The input Start Marker

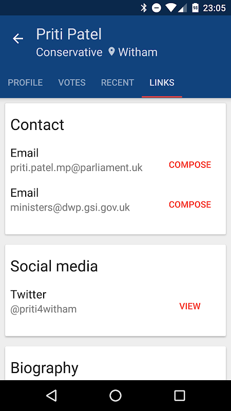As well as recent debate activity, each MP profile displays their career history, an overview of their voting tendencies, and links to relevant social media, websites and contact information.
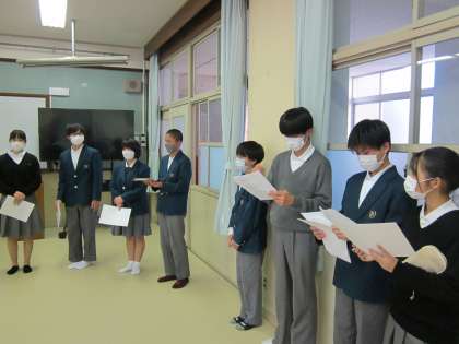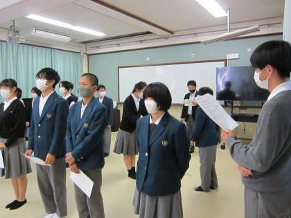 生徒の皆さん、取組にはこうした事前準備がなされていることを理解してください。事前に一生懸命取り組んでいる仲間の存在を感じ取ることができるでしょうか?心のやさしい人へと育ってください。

The input End Marker
The input Start Marker

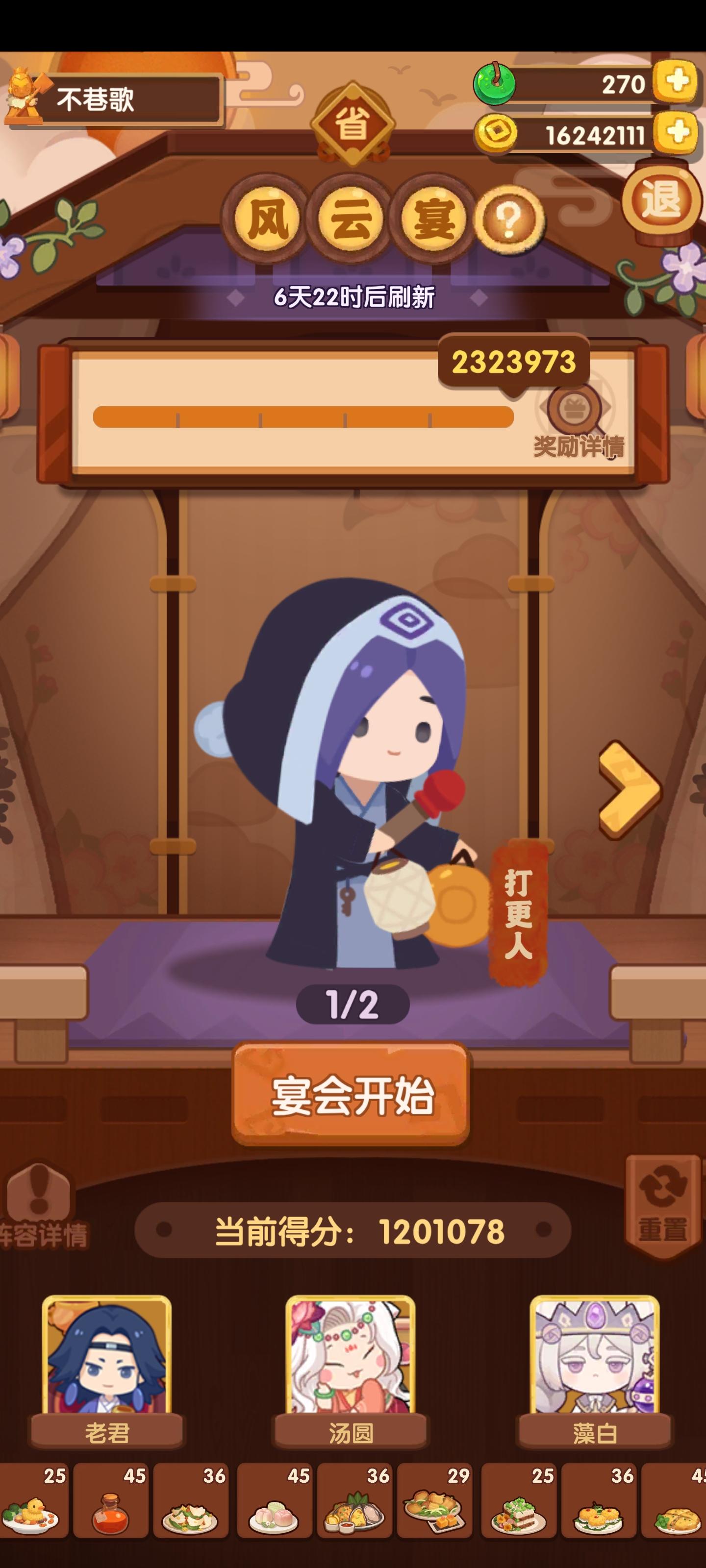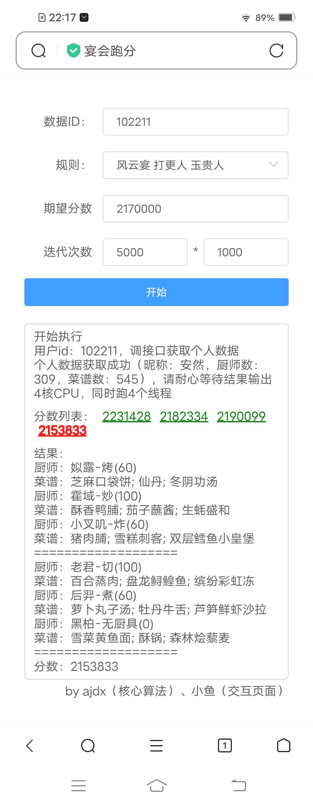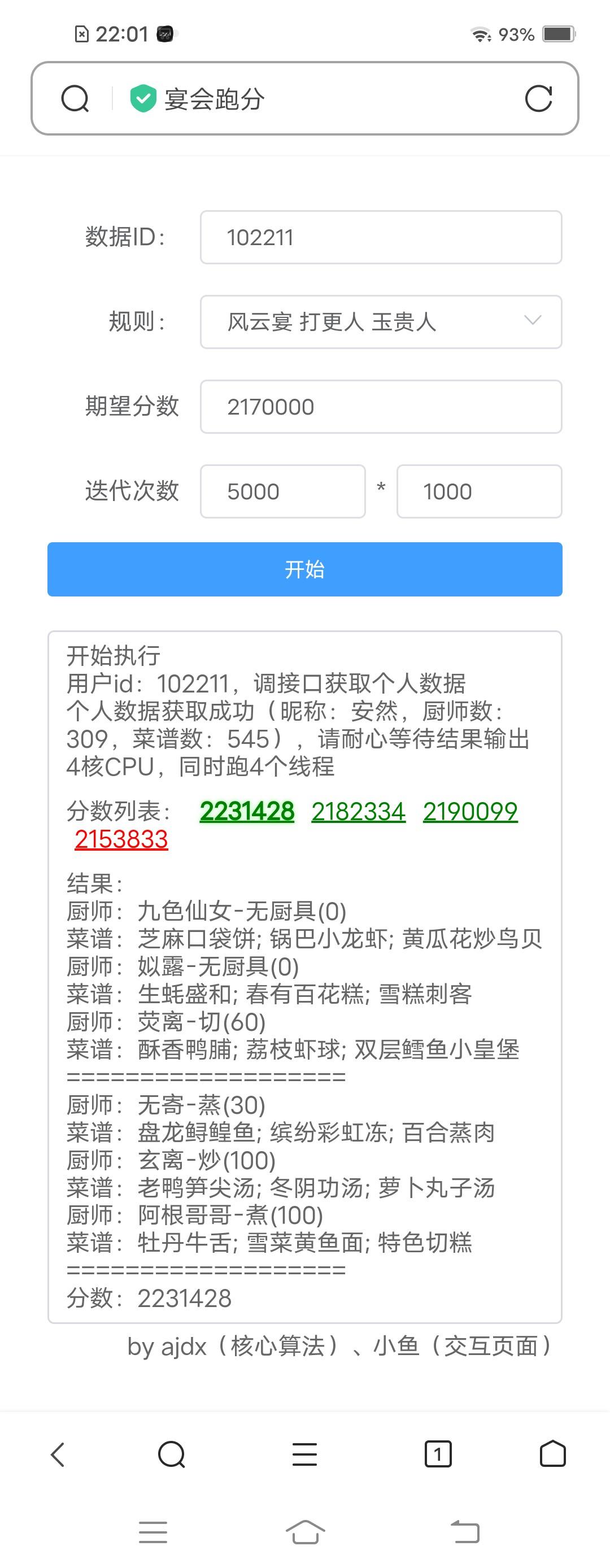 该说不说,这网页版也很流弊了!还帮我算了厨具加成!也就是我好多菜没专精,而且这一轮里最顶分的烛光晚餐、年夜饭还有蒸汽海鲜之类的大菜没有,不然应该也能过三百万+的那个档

The input End Marker

(Work required) Above are records; write out the lines from the one with "As well as recent" down to the one with "生徒の皆さん、取組にはこうし", exactly, leaving the pictures out.

(Exercise response)
As well as recent debate activity, each MP profile displays their career history, an overview of their voting tendencies, and links to relevant social media, websites and contact information.
 生徒の皆さん、取組にはこうした事前準備がなされていることを理解してください。事前に一生懸命取り組んでいる仲間の存在を感じ取ることができるでしょうか?心のやさしい人へと育ってください。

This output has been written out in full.